The batch of test material tested was a clear colourless to light yellow liquid with a purity of 98.00 % and the substance was not completely soluble in test medium at the initial loading rate prepared. Preparation of test solutions started with a loading rate of 100 mg/L applying one day of magnetic stirring followed by a one day stabilisation period to reach maximum solubility of the test material in the test medium. The clear and colourless Water Soluble Fraction (WSF) was filtered through glass wool and used as the highest test concentration. The lower test concentrations were prepared by subsequent dilutions of the WSF in test medium.

A combined limit/range-finding test was performed, exposing six replicates of exponentially growing algal cultures per concentration to the WSF prepared at a loading rate of 100 mg/L and to a control group. In addition, three replicates of exponentially growing algal cultures per concentration were exposed to 1.0 and 10 % of the WSF. The initial cell density was 10^4cells/mL and the total test period was 72 hours. Duplicate samples for analytical confirmation of actual exposure concentrations were taken at the start, after 24 hours of exposure and at the end of the test. Analysis was performed on the octyltin species in Octyltintris(2-ethylhexyl mercaptoacetate). The measured concentration of octyltin species in the duplicate samples taken from the undiluted WSF showed initial concentrations of 18 and 27 µg/L. These concentrations decreased to 37 % of initial after 24 hours of exposure and further to 23 % of initial at the end of the test. The decrease of test material concentrations might be explained by initial concentrations being above the solubility limit. This explanation was supported by the variance between duplicate samples taken at the start of the test. Given these results, the effect parameters were expressed in terms of both loading rate of the test material and the Time Weight Average (TWA) concentration (octyltin species). The TWA concentration was calculated to be 8.8 µg/L.

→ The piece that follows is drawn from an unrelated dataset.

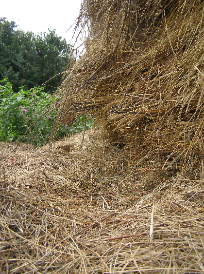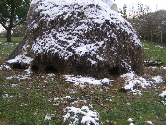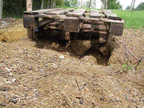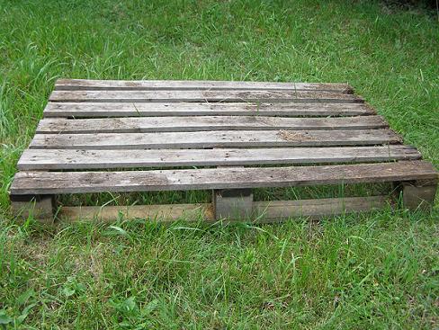Ako nije ravan teren palete se podboče sa ciglama ili drugim blokovima da bude na horizontalnoj ravnini. U sredinu vertikalno zabijete običan kolac ili štap (na suhim tlima potrebno je vlažiti rupu vodom i tako je "izgraditi" ) te složite sjeno oko njega.

The study met the acceptability criteria prescribed by the protocol and was considered valid.

Due to the very low solubility of the test material in test medium, concentration levels that might induce >50% reduction of algal growth could not be reached. The EC50 for both growth rate reduction (ERC50: 0-72h) and yield inhibition (EyC50: 0-72h) was beyond the concentration obtained in a WSF prepared at a loading rate of 100 mg/I. The concentration of organotin species measured in this WSF was 8.8 µg/L. The NOEC for growth rate reduction equalled the concentration obtained in a WSF prepared at a loading rate of 100 mg/L, while the NOEC for yield inhibition was below this concentration.